Aluminium manufacturers in India may be staring at uncertain times going ahead as global prices continue to soften even as global manufacturers cut supplies amid escalating costs.
State-run National Aluminium Company (NALCO) reported a sequential decline in topline and operational performance in the first quarter of 2022-23 after the market hours on August 8. While typically June quarter is weak for the sector, there are signs that the global weakness is weighing on the country’s aluminium manufacturers.
The outlook of the aluminium players looks way grimmer given the global trend and local players being highly sensitive to the London Metal Exchange (LME) prices are not expected to be unscathed.
A report from Morgan Stanley on the industry early in July suggested that eroding margins of aluminium players due to falling commodity prices and rising smelter cost curve raise the risk of further capacity curtailment across the industry- a trend which is catching up with speed.
The first telltale sign came from the largest aluminium producer in the United States, Alcoa Corporation, which not only failed to put a growth number on demand estimates for the ongoing calendar year 2022 but also cited near-term uncertainties while reporting its second-quarter earnings.
Back home, jitters were first sensed across the street after ace investor Rakesh Jhunjhunwala trimmed his stake to below one percent in NALCO as per the latest June quarter holding disclosed by the company on the Bombay Stock Exchange (BSE). After holding the stock for nearly three quarters, Jhunjhunwala’s name no longer appeared in the individual shareholder list of the company, making it unclear if he completely sold off his holding on the counter or still holds a stake of less than a percent. The market saw this as a sign that he was no more bullish on the stock.
How Did NALCO’s Earnings Fare?
NALCO reported 53 percent growth in its net sales on a year-on-year basis. But sequentially, the company reported a 13 percent decline in net sales of Rs 3,800 crore, tracking LME aluminium and alumina prices which fell 12 percent sequentially. The company’s operational performance was hit by the correction in LME prices and rising input costs. The sequential cost escalation was nearly 51 percent due to higher power and fuel cost which weighed on the financials of the company.
Post earnings, brokerage firm Phillip Capital reduced its target price on the counter to Rs 90 from Rs 120 to factor in lower LME price, the forecast of which has reduced from
$2,800/2,450/ tonne for FY23/FY24 to $ 2,450/2,250/ tonne, and higher costs.

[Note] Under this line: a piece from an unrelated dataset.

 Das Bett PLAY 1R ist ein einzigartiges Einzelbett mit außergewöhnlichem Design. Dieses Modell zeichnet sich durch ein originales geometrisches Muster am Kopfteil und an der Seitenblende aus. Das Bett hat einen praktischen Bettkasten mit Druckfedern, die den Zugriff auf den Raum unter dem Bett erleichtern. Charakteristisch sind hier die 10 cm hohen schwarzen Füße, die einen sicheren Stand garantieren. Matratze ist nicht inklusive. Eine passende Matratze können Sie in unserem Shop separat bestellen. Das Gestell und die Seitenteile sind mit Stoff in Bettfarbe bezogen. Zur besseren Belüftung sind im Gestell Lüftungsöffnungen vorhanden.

According to the brokerage, LME aluminium prices have fallen nearly 39 percent from their peak levels achieved in March following inflationary and recession fear. Continuation of higher levels of exports from China aided by unabated production also has been putting pressure on prices, essentially eroding the deficit forecast.

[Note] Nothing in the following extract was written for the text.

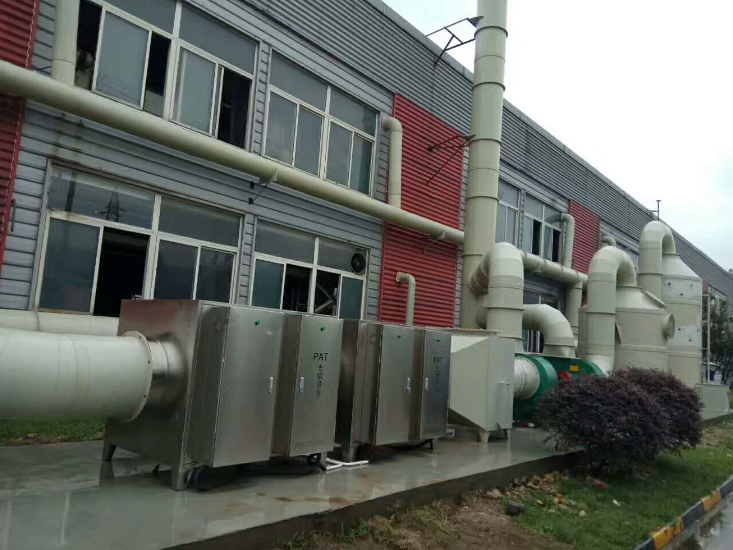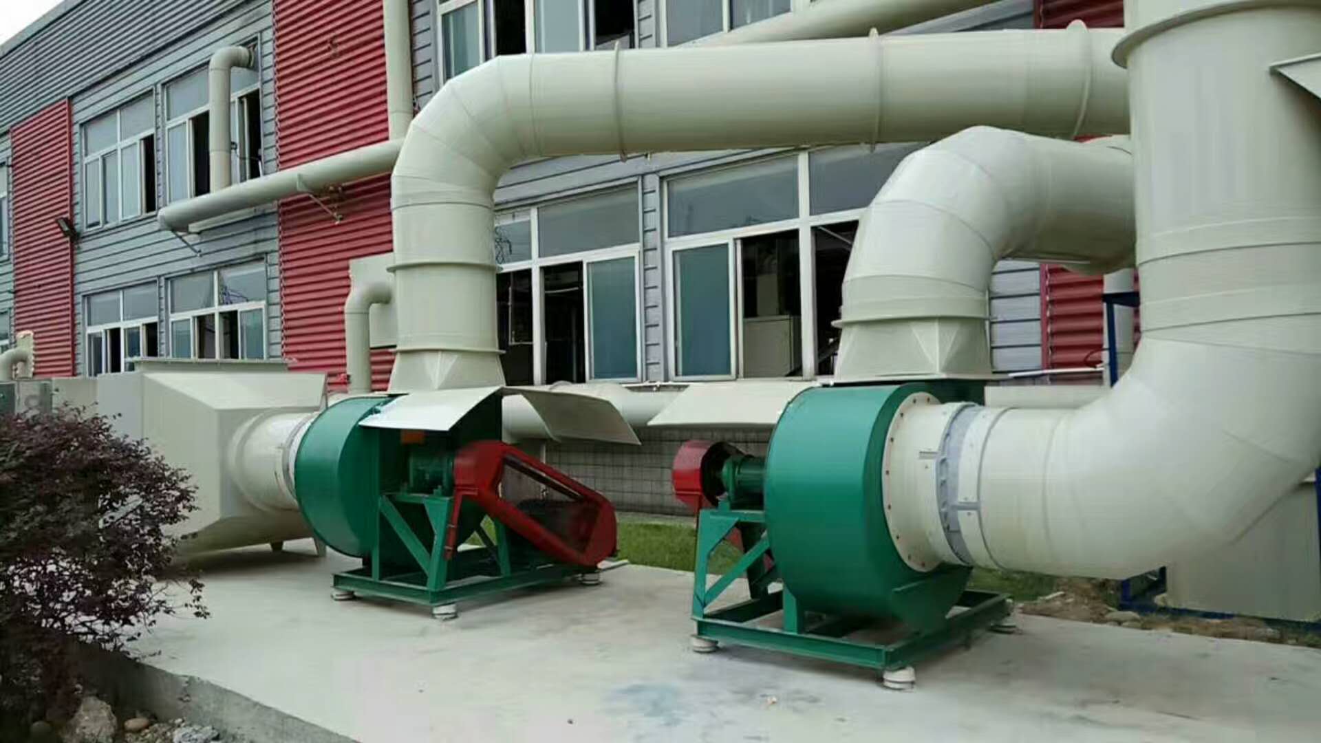 根据客户提供资料与公司技术人员交流得知:现有上下两层共18个废气排放口需要做废气治理,每个排放口的废气量为2000m3/h,所需治理的废气总量为:18×2000=36000 m3/h,考虑保险系数和风量损失,设计配备二套处理能力满足20000 m3/h的废气治理系统,两套废气治理系统净化后排气口合并到一根15米高烟囱达标排放。

Cautious Signals from Alcoa Corporation
In its June quarter’s presentation to investors, the largest aluminium producer Alcoa pointed toward uncertainties including the impact of China’s stimulus programme, disruption in exports from Russia, near-term economic growth concerns, and the threat of further curtailment in production given high global energy prices.
But, the curtailment just wasn’t announced by one company. A string of other players also announced production curtailment, partially due to exorbitant energy prices which lead to losses for the mills.
Production Cuts Across the World
The steep rise in global gas prices has forced global aluminium makers, especially in Europe, to temporarily shut units or reduce output as production is not sustainable at high input cost. This comes at a time when aluminium prices have been sliding despite inventories being at an all-time low level.
Romanian aluminium company Alro with an alumina refining capacity of 600kt will shut down its refinery for 17 months. The world’s second-largest aluminium company RUSAL has already shut its Nikolaev refinery (capacity 1.7mt) in March 2022. Furthermore, Norwegian aluminium producer Norsk Hydro has announced curtailment of its European smelter and refinery. Recently, Alcoa Corporation in early July announced that it will begin the process to immediately curtail one of three operating smelting lines at its Warrick operations facility in Indiana due to operational challenges. Before this, the company safely curtailed its Spain aluminium smelting capacity.
Road ahead
Analysts and industry players expect that there may be more supply cut announcements in the industry. In a report dated August 9, brokerage Motilal Oswal said that it expects a spate of announcements regarding a reduction in utilisation by aluminum smelters and refineries due to spiralling costs in Europe and declining power availability ahead of the winter season and improvement in aluminum production in China from the second half of the financial year.